Kurt P. Spindler, MD, Todd A. Warren, ACNP, Jason Connor, MS,
Clinton Devin, BS, and Eric C. McCarty, MD
Objective:
Entirely arthroscopic techniques of meniscus repair are common as a result of
reduced postoperative morbidity and easier insertion than arthroscopically-guided
inside-out repair with sutures. However, no prospective comparative manuscripts
of clinical success have been published. Meniscus repair technique was prospectively
switched in June 1996 from inside-out (PDS sutures) to entirely arthroscopic
(arrows) keeping rehabilitation and weight-bearing constant.
Methods:
As the first component of the Multicenter Orthopaedic Outcomes Network (MOON)

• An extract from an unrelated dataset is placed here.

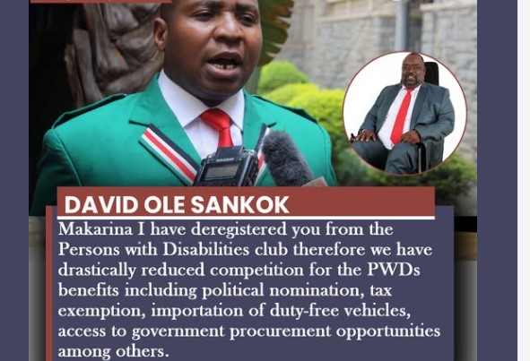 Mike Makarina has suffered a major political and social setback after Senator David Ole Sankok announced that he has been deregistered from the Persons with Disabilities (PWDs) club. According to Ole Sankok, Makarina will no longer enjoy the benefits or special treatment that comes with being recognized as disabled.

initiated in August 1991, all ACL reconstructions were prospectively entered
into a database. A Single surgeon’s medial meniscus repairs with ACL reconstruction
from 8/91-12/99 were evaluated. 47 consecutive patients (8/91-6/99) had arthroscopically
assisted inside-out repair utilizing PDS sutures. 98 consecutive patients (6/96-12/99)

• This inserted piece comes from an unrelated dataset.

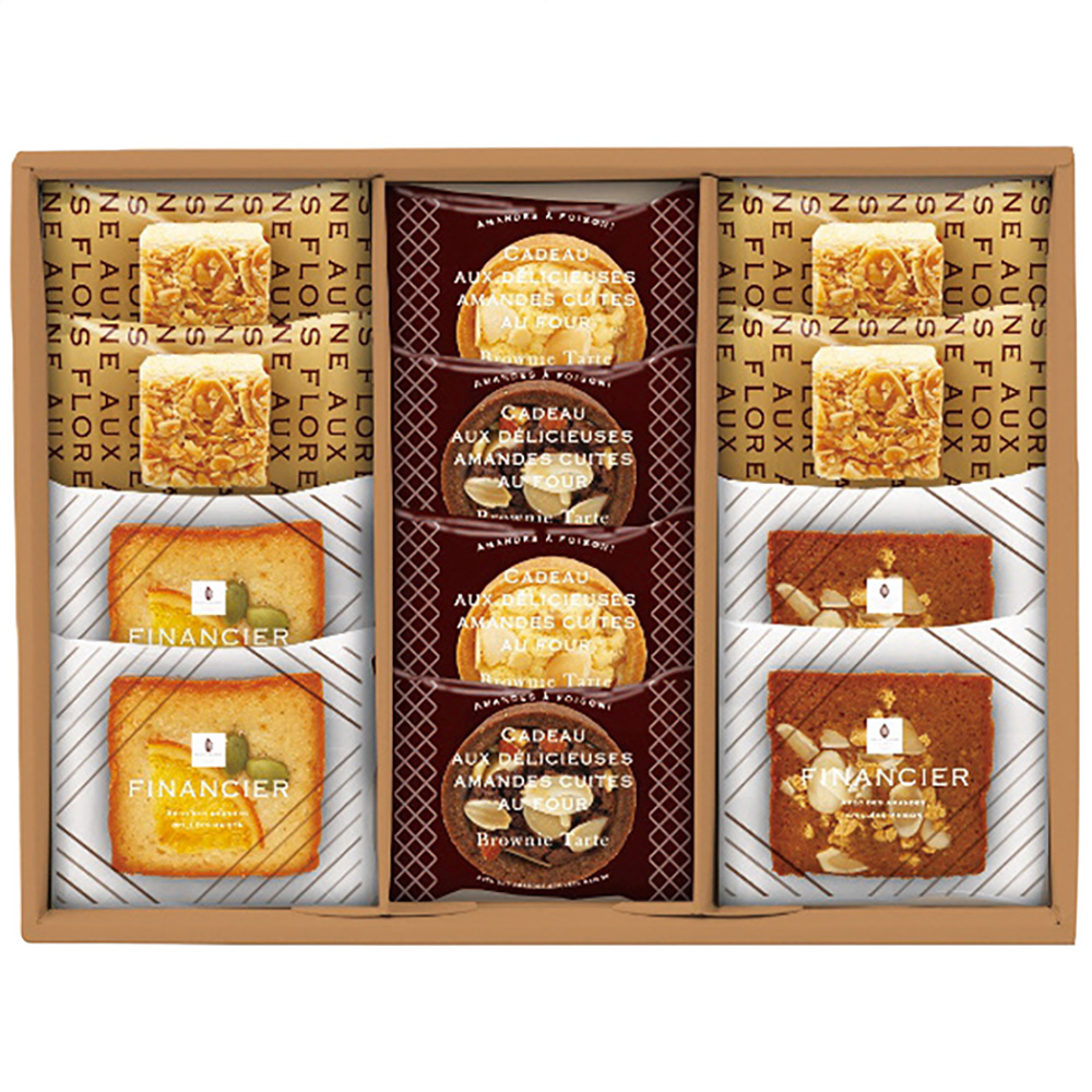 ■規格:フィナンシェ(オレンジ・キャラメルアーモンド)・タルト(ブラウニー・ホワイトブラウニー各2個)・フロランタン4個

had entirely arthroscopic technique with bioabsorbable arrows. Clinical success
was defined as no reoperation for medial meniscus debridement of failed repair
site documented on scale diagrams. Kaplan-Meier curves were investigated comparing
time to reoperation between patients with two techniques. A Cox proportional
hazards model was fit to compare times to reoperation and proportional hazards
assumptions verified.
Results:
The inside-out suture technique had 85% follow-up (40/47) with median 65 months.

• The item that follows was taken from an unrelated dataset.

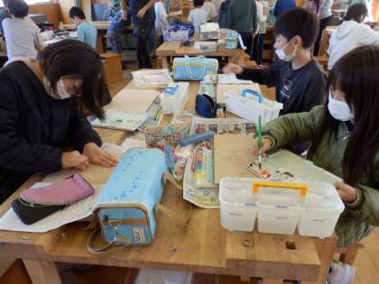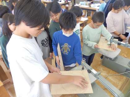 10/12 糸のこスイスイ 公開日 2023/10/12 更新日 2023/10/12 教育活動 5年生の5時間目は図工の授業でした。「糸のこスイスイ」という教材で自分がデザインしたミニ掲示板を作っています。今日は、下書きをした板を糸のこの機械で切ったり、下絵に絵の具で色を塗ったりしました。 いいね(0)

Follow-up in the entirely arthroscopic arrows was 86% (84/98) with median 26
months. There were 6 failures for the inside-out group and 5 failures in arrows.
Kaplan-Meier curves demonstrate no difference and never differ by more than
2% in the first 5 years. The Cox proportional hazards model shows no difference
in time to reoperation between techniques (p=0.88). The risk of reoperation
is 0.90 times (95% CI 0.23-3.47) as high in the arrows group than inside-out
suture at any point in time after meniscus repair. Three-year success rates
(proportions with no reoperations) were 90% (suture) vs 91% (arrows). While
the observed difference was just 1% at 3 years, the current sample sizes offer
80% power to detect a statistically significant difference of 28% at 3 years.
Conclusions:
Medial meniscus repair with concomitant ACL reconstruction (NWB 5-6 wks postop)
has a clinical success of 90% at 3 years. No significant differences were observed
between techniques with our protocol.